On the basis of my research, I recommend not worrying at all about nightshade in your soy. Plants have tens of thousands of other proteins present in much higher amounts that are far more likely to be what you're sensitive to, and the tiny snippet of petunia DNA in that genetic construct is no sooner translated into amino acids than it gets disassembled again.
Even geekier PS:
One thing I wondered was just how different the petunia EPSPS CTP was compared to the native soybean EPSPS CTP. Related genes are often somewhat different, and signal regions can diverge more than functional parts of proteins. I took the amino acid CTP sequences from the patent, but that didn't include soybean sequence. The genome sequence for Arabidopsis (the plant biologist's fruit fly) is publicly available, so I found the EPSPS gene, then used NCBI BLAST to search for similar sequences. Among the many plant EPSPS results were soybean (Glycine max) and petunia (as P. hybrida, lucky the sequence was numbered starting with PET). I translated them all to amino acid sequence (one was nucleotides, and they needed to match) and used a free program called ClustalW to align these sequences; it automatically looks at the sequences you give it to determine their similarity, and lines up the bits that are alike molecularly. I was surprised to find that all of the CTPs were very different from each other, with only 6 identical positions of about 75 total amino acids in the CTP. I guess those are important ones!

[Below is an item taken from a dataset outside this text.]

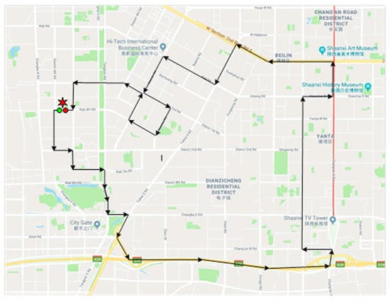 The field experiment method was selected to collect the driver’s physiology data and vehicle dynamic data for the purpose of estimating the driving risk during the lane-changing process. Data used in this study were collected in Xi’an City. As shown in Figure 1, the total length of the tested route was 26.6 km. The selected experimental route included urban freeways, arterials, and collectors, as well as intersections and interchanges. The speed limits of the urban freeways, arterials, and collectors were 70 km/h, 60 km/h, and 50 km/h, respectively. In total, 25 drivers were selected to finish the experimental route. All of them were healthy and had a driving age longer than three years, with an average number of kilometers traveled per year of more than 6000 km. Eight drivers were female. The experiments were carried out during peak hours (7:00–10:00 a.m., 3:00–6:00 p.m.) on eight sunny workdays. All the participants were asked to rest well the previous night. Tobacco, wine, tea, coffee, and any other food or drug that might affect the driver’s physiology indicators were forbidden on the previous day. Before the formal test, the participants were asked to take a 10-min test drive outside the driveway to familiarize them with the experimental vehicle and devices. The drivers’ physiological data (including the eye movement data and electrophysiology data) and vehicle dynamic data were collected as the input dataset of the driving risk prediction model. The eye movement information included eye fixation, saccade duration, blink frequency, pupil diameter, and field of front vision. The drivers’ electrophysiology data included an ECG and EMG. Meanwhile, we also collected the breath rate, oxyhemoglobin saturation degree, and blood pressure. The vehicle dynamic indicators included speed, acceleration/deceleration, real-time vehicle position, and the status of the various vehicle subsystems.

Anyway, it's clear that there are multiple ways to get the message across to the cell. Having made transgenes by molecular cloning, I can tell you honestly that molecular biologists are kind of lazy, and if the petunia CTP was already available I can completely believe that they'd just use what they had. It used to be very much more difficult to clone genes and sequence them, and we adapt our strategies based on what's handy even now.